Mahfi Eğilmez: Tunç Kanunu ve Ücretler Üzerine
Tunç Kanunu, gerçek ücretlerin uzun dönemde, işçinin yaşamını sürdürmesi için gereken asgari ücrete doğru eğilim gösterdiğini öne süren bir ekonomik görüştür. Bu görüş, 19. Yüzyılda Ferdinand Lassalle tarafından ortaya atılmıştır ve David Ricardo’nun rant yasası ile Thomas Robert Malthus’un nüfus teorilerinden etkilenmiştir.
Ücretlerin geçimlik düzeyin altına düşemeyeceğini savunan Tunç Kanunu’na karşı geliştirilen İçeridekiler Dışarıdakiler Teorisi, şirketlerin işsizleri işe almak yerine mevcut çalışanları korumayı tercih ettiğini öne sürmektedir. Bu teori özellikle kalifiye elemanlar için daha geçerli olsa da kalifiye olmayan işlerde bu durum değişebilir.
Ücret ve gerçek ücret arasındaki farkı anlamak, asgari ücretin ne olduğunu belirlemek de önemlidir. Günümüzde, geçimlik ücret düzeyi yalnızca temel ihtiyaçları değil, eğitim, kültür, eğlence gibi giderleri de içerecek şekilde genişlemiştir.

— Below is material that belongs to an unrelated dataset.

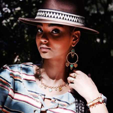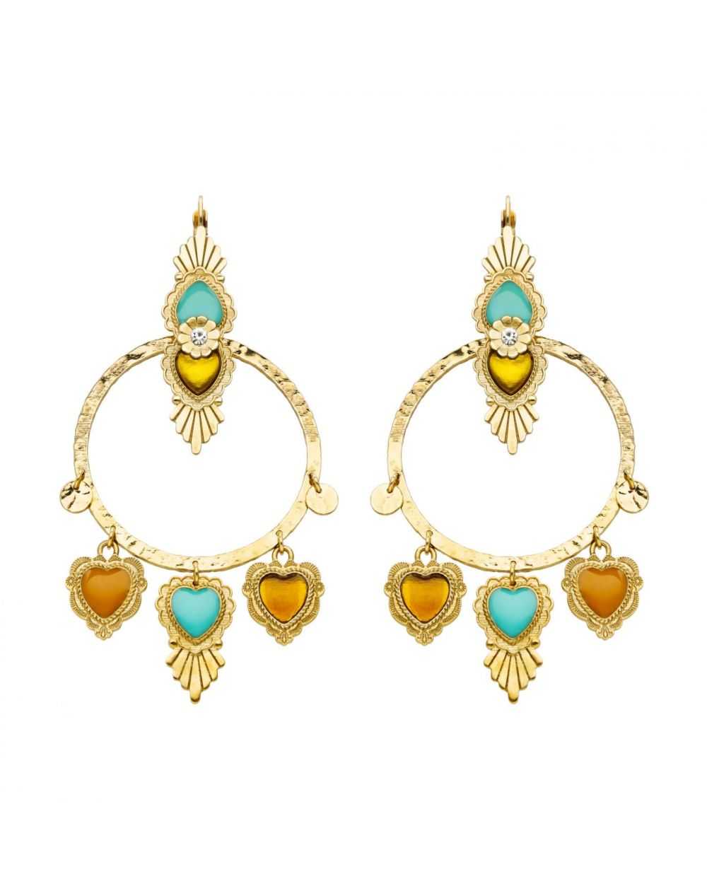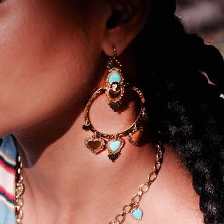 These Hipanema brand earrings are creoles for pierced ears gilded with fine gold, equipped with a sleeper attachment. The head of the earring is composed of two inverted hammered hearts, worked in a baroque style on a creole ring decorated with charm pendants: small hearts and sequins of Latin American inspiration. We love this association of colors with occurrences of green resins with turquoise, amber or coffee effect in a New Mexico spirit.

Türkiye’de asgari ücretin yaşam maliyeti ile karşılaştırıldığında nasıl bir yere denk geldiğini görmek önemlidir. Günlük geçim düzeyiyle kıyaslanabilen net asgari ücret, bir ailenin açlık sınırını karşılamaktan uzak kaldığı görülmektedir.
Ücretle çalışanlar arasında asgari ücret alanların sayısının yaklaşık 7 milyon olduğu tahmin edilmektedir. Bu durum, Türkiye’de işçi ücretlerinin Tunç Kanunu’nun ötesine geçtiğini ve şirketlerin maliyetleri düşürmek için farklı stratejiler geliştirdiğini göstermektedir.